■ Provided data
* * * *

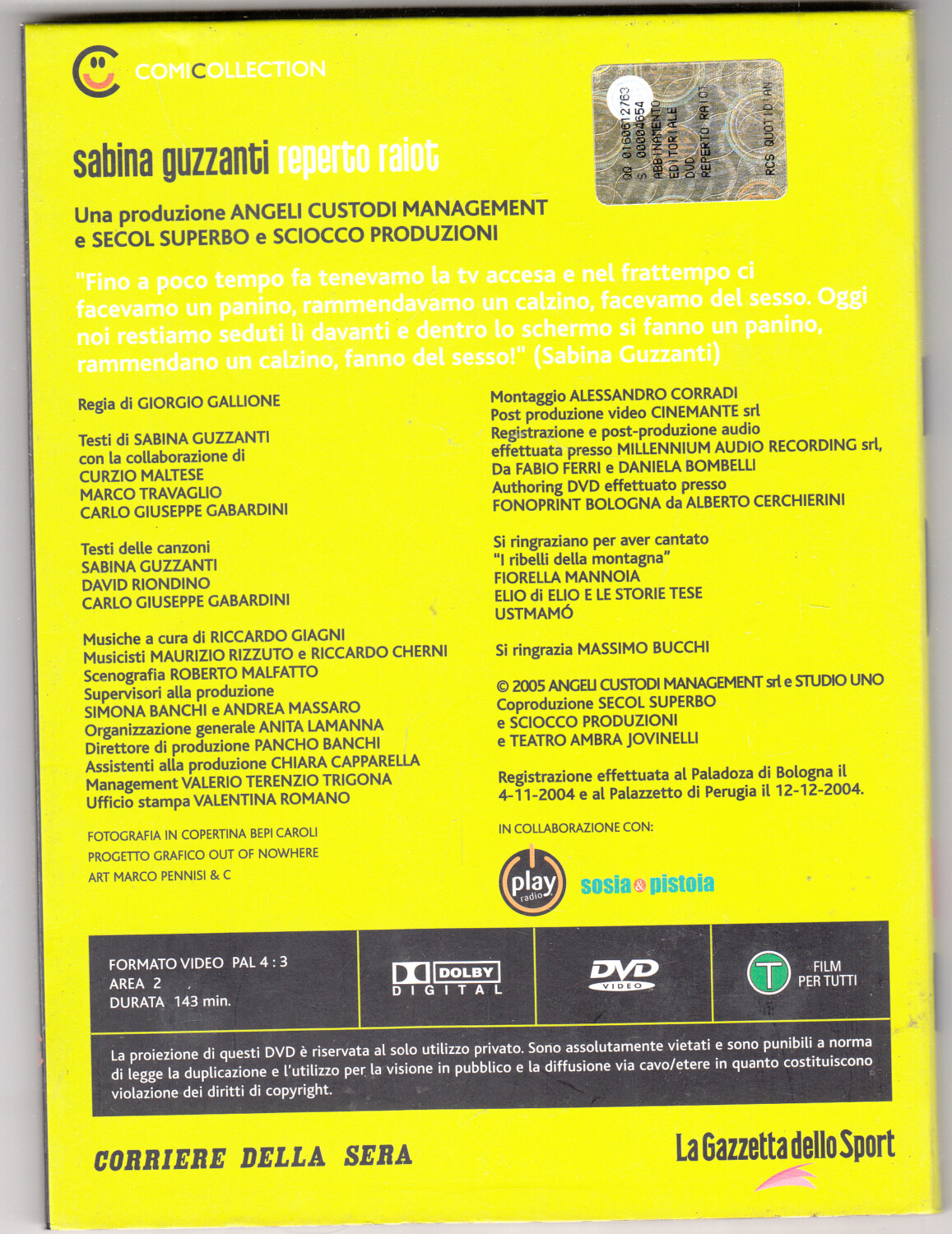 | Titolo: | Reperto Raiot. Sabina Guzzanti DVD in Italiano Versione da edicola |
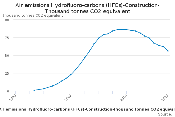 Download this time seriesAir emissions Hydrofluoro-carbons (HFCs)-Construction-Thousand tonnes CO2 equivalent
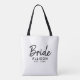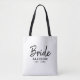 You can not go without this Bride Script White Black Established Date Monogram Tote Bag.  It is designed on both sides with "bride" in modern black script lettering.  Personalised with bride's name and established year of wedding.

* * * *

■ Your assignment
Copy all of the data above exactly. Leave out every picture.

■ Your solution
 | Titolo: | Reperto Raiot. Sabina Guzzanti DVD in Italiano Versione da edicola |
 Download this time seriesAir emissions Hydrofluoro-carbons (HFCs)-Construction-Thousand tonnes CO2 equivalent
 You can not go without this Bride Script White Black Established Date Monogram Tote Bag.  It is designed on both sides with "bride" in modern black script lettering.  Personalised with bride's name and established year of wedding.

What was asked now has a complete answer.